───── DATA PROVIDED

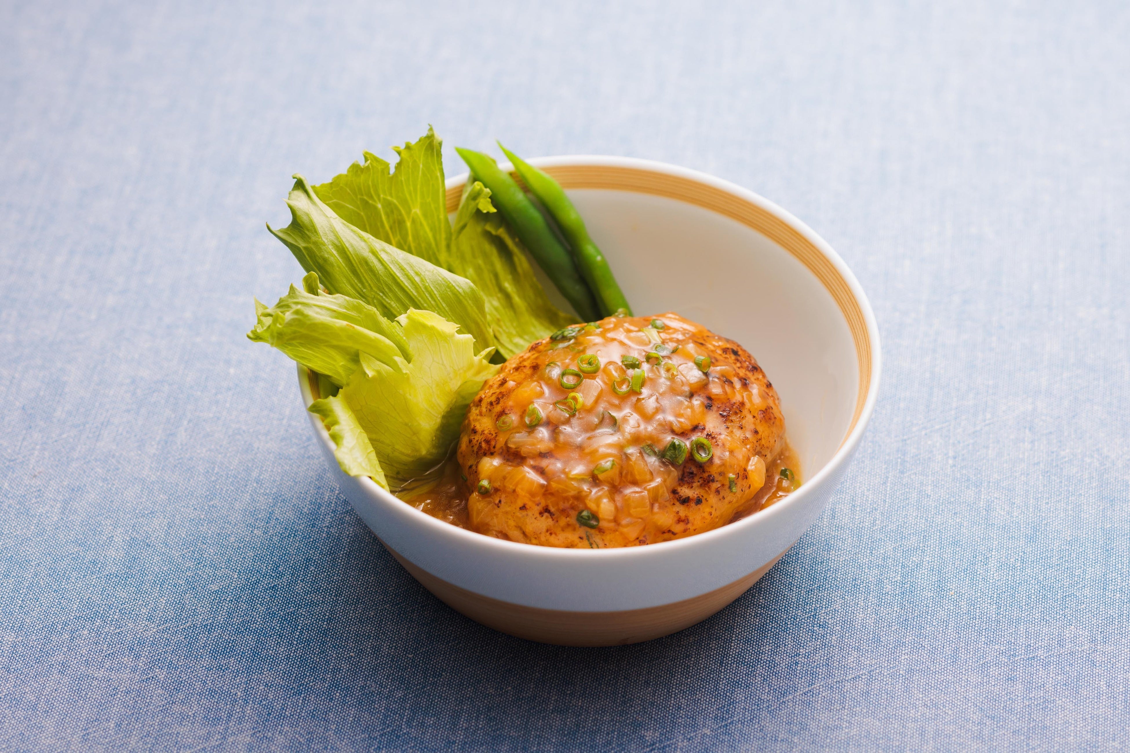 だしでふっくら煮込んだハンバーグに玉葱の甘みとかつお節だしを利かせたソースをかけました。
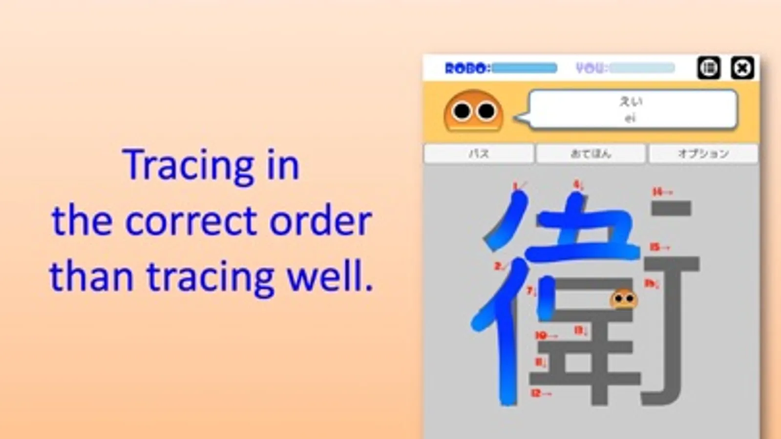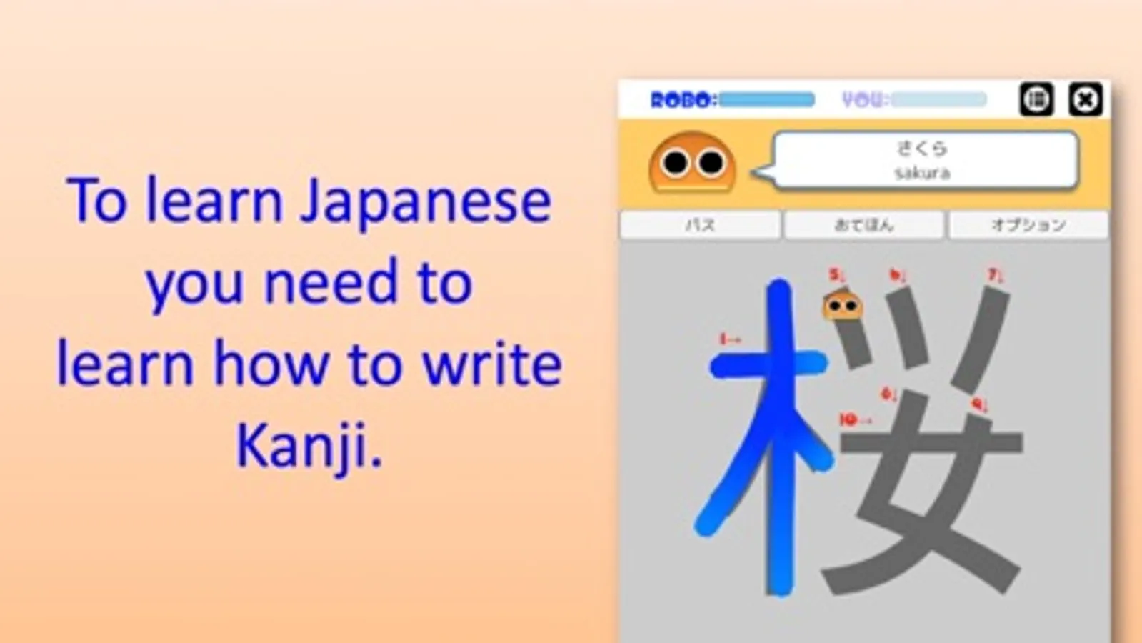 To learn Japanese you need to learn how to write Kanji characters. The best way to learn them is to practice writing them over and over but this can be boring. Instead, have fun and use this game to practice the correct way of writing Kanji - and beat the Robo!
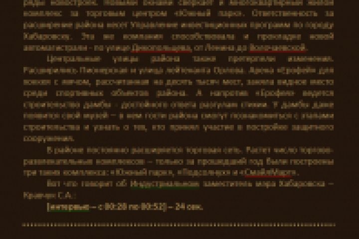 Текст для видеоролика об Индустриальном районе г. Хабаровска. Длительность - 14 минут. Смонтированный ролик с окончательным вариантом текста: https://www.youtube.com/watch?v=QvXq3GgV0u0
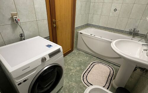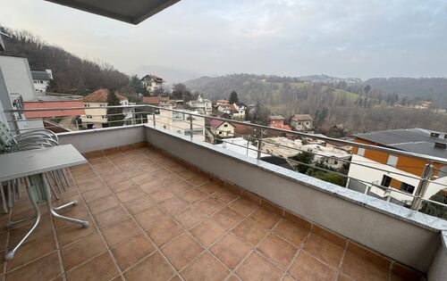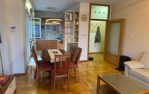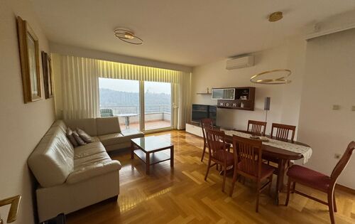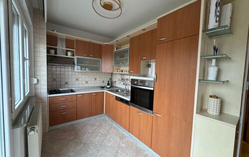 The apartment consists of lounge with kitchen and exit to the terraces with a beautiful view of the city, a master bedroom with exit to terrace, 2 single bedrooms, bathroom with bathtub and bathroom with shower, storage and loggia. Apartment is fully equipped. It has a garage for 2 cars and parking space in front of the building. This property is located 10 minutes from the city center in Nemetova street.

──────────
───── DATA PROVIDED

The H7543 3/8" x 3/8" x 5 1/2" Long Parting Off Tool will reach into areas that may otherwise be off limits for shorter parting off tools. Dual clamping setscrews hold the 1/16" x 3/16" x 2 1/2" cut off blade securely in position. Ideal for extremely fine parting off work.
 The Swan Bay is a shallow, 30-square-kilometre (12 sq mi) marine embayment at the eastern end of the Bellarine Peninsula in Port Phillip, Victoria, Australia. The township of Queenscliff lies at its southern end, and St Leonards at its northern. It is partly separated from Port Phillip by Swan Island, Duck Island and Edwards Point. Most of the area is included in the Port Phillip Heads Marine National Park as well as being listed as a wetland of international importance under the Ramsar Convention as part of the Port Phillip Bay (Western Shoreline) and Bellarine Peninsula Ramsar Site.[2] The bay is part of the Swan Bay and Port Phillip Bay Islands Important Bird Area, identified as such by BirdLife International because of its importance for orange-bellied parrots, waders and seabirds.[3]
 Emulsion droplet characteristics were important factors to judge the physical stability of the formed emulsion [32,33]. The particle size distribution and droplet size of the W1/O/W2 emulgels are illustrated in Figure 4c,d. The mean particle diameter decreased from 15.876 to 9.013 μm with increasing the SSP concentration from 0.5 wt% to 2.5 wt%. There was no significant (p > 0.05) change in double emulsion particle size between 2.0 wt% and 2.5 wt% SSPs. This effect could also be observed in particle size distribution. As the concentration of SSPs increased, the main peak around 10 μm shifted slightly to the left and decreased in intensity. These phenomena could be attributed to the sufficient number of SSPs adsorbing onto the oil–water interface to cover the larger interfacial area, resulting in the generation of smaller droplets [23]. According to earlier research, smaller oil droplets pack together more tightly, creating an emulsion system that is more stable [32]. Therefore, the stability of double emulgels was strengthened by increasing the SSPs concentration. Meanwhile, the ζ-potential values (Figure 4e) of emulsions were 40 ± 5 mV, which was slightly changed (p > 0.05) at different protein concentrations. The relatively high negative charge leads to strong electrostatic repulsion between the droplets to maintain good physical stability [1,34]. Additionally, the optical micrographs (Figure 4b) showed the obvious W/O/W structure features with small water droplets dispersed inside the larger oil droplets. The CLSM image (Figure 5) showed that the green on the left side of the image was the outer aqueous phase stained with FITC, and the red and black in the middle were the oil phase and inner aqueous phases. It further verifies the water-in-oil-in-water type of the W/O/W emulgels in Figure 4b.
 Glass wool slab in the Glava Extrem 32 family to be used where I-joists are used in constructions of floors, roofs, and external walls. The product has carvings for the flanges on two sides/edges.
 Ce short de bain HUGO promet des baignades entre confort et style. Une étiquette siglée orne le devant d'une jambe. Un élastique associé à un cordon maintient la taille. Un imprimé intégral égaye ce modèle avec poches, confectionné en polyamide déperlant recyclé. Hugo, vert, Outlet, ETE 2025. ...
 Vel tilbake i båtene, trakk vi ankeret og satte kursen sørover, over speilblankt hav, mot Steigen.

──────────
───── DATA PROVIDED

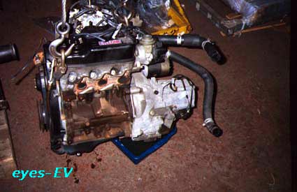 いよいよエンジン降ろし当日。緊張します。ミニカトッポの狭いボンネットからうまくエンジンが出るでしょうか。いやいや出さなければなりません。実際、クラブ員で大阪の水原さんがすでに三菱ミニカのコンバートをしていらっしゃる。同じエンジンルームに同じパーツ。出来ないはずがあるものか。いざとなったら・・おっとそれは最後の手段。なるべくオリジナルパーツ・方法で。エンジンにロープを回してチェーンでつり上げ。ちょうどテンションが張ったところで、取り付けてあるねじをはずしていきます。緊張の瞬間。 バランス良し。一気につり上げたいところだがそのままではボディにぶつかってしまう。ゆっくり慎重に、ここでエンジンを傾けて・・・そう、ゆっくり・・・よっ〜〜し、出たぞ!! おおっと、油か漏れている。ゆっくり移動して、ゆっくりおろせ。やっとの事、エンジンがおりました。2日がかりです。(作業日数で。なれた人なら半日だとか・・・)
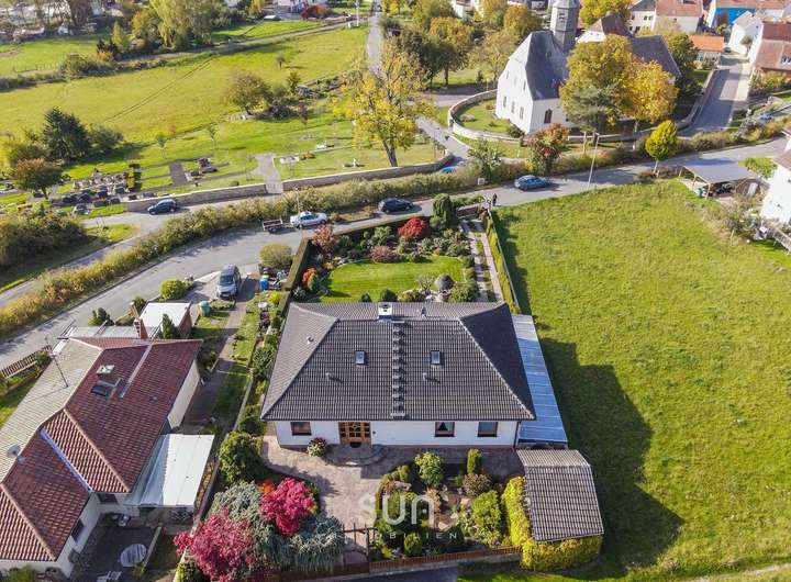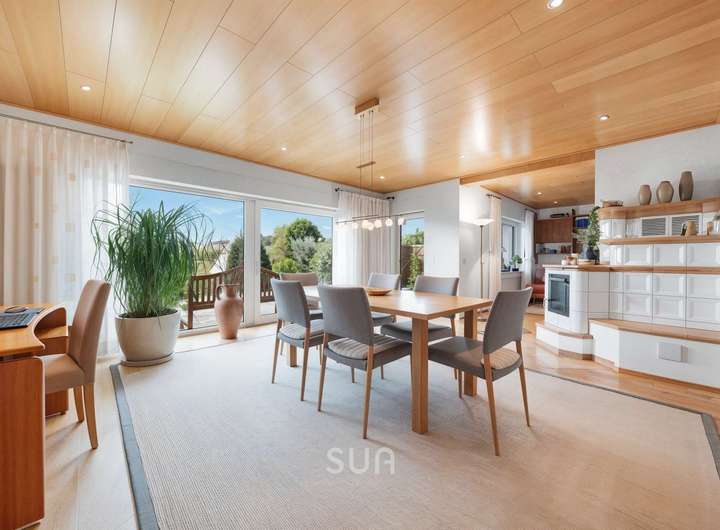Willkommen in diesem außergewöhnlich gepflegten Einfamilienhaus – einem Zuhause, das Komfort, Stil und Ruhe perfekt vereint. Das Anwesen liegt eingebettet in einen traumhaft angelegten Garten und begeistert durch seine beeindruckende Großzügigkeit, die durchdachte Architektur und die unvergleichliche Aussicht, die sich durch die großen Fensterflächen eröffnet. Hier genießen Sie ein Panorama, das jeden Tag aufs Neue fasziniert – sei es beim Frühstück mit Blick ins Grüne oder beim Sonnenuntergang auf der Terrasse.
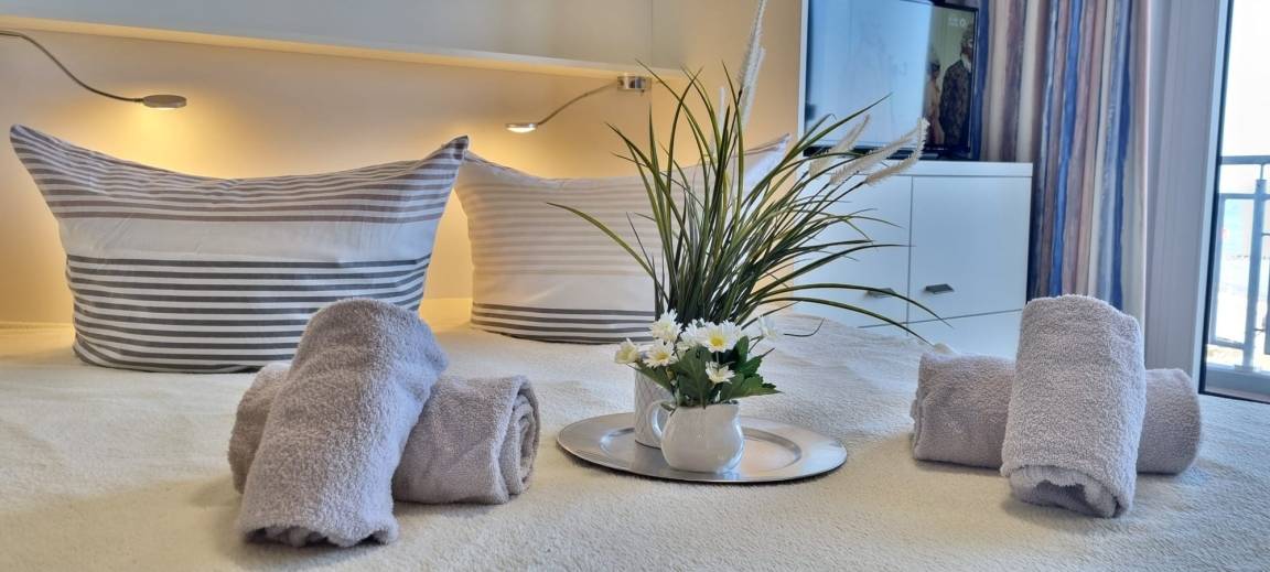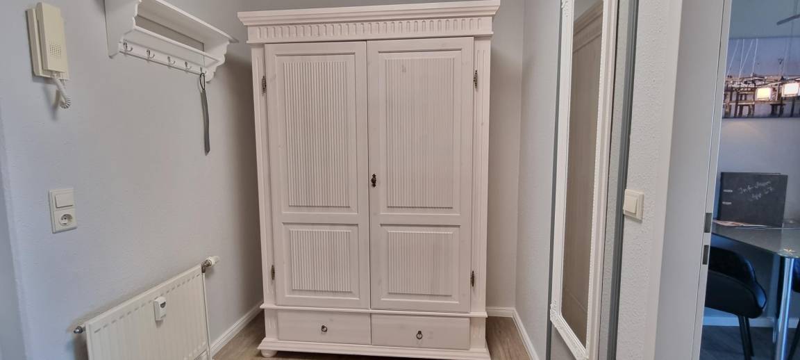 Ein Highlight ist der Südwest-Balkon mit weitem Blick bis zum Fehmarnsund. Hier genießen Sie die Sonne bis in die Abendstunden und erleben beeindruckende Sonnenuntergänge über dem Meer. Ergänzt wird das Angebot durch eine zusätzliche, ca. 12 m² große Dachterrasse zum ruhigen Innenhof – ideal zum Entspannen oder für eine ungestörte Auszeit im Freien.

──────────

## WHAT YOU ARE ASKED TO DO
Transcribe, exactly and without pictures, everything in the data from the line with "To learn Japanese" down to the line with "The apartment consists", both included.

## EXERCISE RESPONSE
 To learn Japanese you need to learn how to write Kanji characters. The best way to learn them is to practice writing them over and over but this can be boring. Instead, have fun and use this game to practice the correct way of writing Kanji - and beat the Robo!
 Текст для видеоролика об Индустриальном районе г. Хабаровска. Длительность - 14 минут. Смонтированный ролик с окончательным вариантом текста: https://www.youtube.com/watch?v=QvXq3GgV0u0
 The apartment consists of lounge with kitchen and exit to the terraces with a beautiful view of the city, a master bedroom with exit to terrace, 2 single bedrooms, bathroom with bathtub and bathroom with shower, storage and loggia. Apartment is fully equipped. It has a garage for 2 cars and parking space in front of the building. This property is located 10 minutes from the city center in Nemetova street.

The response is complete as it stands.